French neurologist (1875–1962)

Cécile Vogt-Mugnier (27 March 1875 – 4 May 1962) was a French neurologist from Haute-Savoie. She and her husband Oskar Vogt are known for their extensive cytoarchetecture studies on the brain.

==Professional life==

=== Education and career===
Vogt-Mugnier obtained her medical doctorate in Paris in 1900 and studied under Pierre Marie at the Bicêtre Hospital. At the time, women only made up 6% of those receiving medical doctorates, even though it had been thirty years since women were first admitted to medical studies. Vogt-Mugnier and her husband's findings on myelinogenesis led to her dissertation work on the fiber systems in the cat cerebral cortex (Étude sur la myelination of hémishères cérébraux) and the beginning of their research in architectonics. In Berlin, Vogt-Mugnier was awarded her medical license on January 16, 1920. Because of her scientific achievements and medical experience, she was not required to sit examinations or undergo the year of practical training.

Despite her accomplishments, Vogt-Mugnier's own career and recognition remained minimal. It was only between the years 1919 and 1937 that she held a formal, paid position as a scientist at the Kaiser Wilhelm Institute. Her position as department head corresponded to that of an extraordinary professor. For most of her life, however, she worked without compensation, and lived on her husband's earnings.

=== Research contributions ===
Vogt-Mugnier and her husband's main interest was the identification and characterization of distinct regions in the neocortex by both functional and structural criteria. The Vogts were attempting to precisely locate the regions in the cerebral cortex that correlate with specific brain functions. This also motivated their experimental work on electrostimulation of the cortices in 150 monkeys. In this endeavor, they collaborated with Korbinian Brodmann to map areas of the cortex and the thalamus.

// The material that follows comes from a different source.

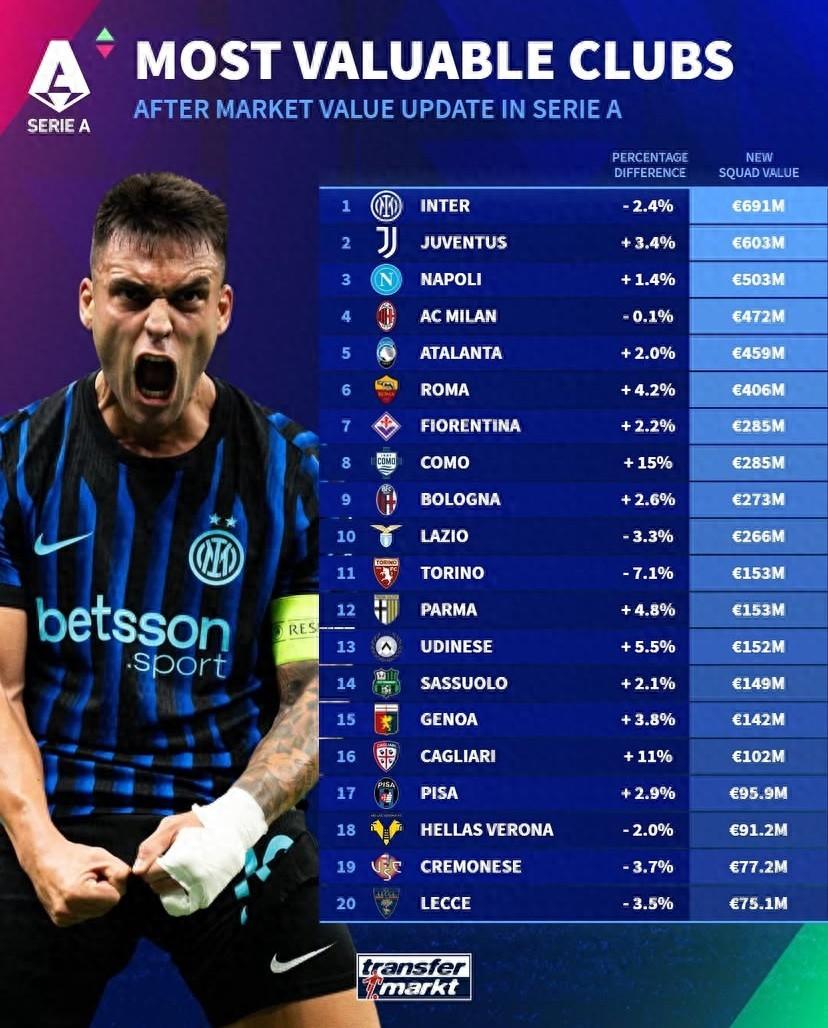 北京時間10月7日,在更新了意甲球員的身價之後,德轉還列出了此次更新後意甲俱樂部總身價的漲幅情況以及具體排名,國際米蘭以6.91億歐元排名第一,隨後分別是尤文圖斯、那不勒斯以及AC米蘭。

The first publication produced from the couple's collaboration was a monograph of the myelination of the anterior part of the brain in the cat. The finding led to the Vogts' questioning of the German neurologist Paul Flechsig's doctrine of association centers. Together they pursued advanced neuropathological research, publishing their findings on both cyto- and myelo-architecture in the central nervous system and on the functional anatomy of the basal ganglia.

In 1909, Vogt-Mugnier published La myelocytoarchitecture du thalamus du cercopithèque (Myelocytoarchitecture of the Thalamus of the Cercopithecus), in which she reported her experiments in tracing afferent fibers to the thalamic ventral nuclear group.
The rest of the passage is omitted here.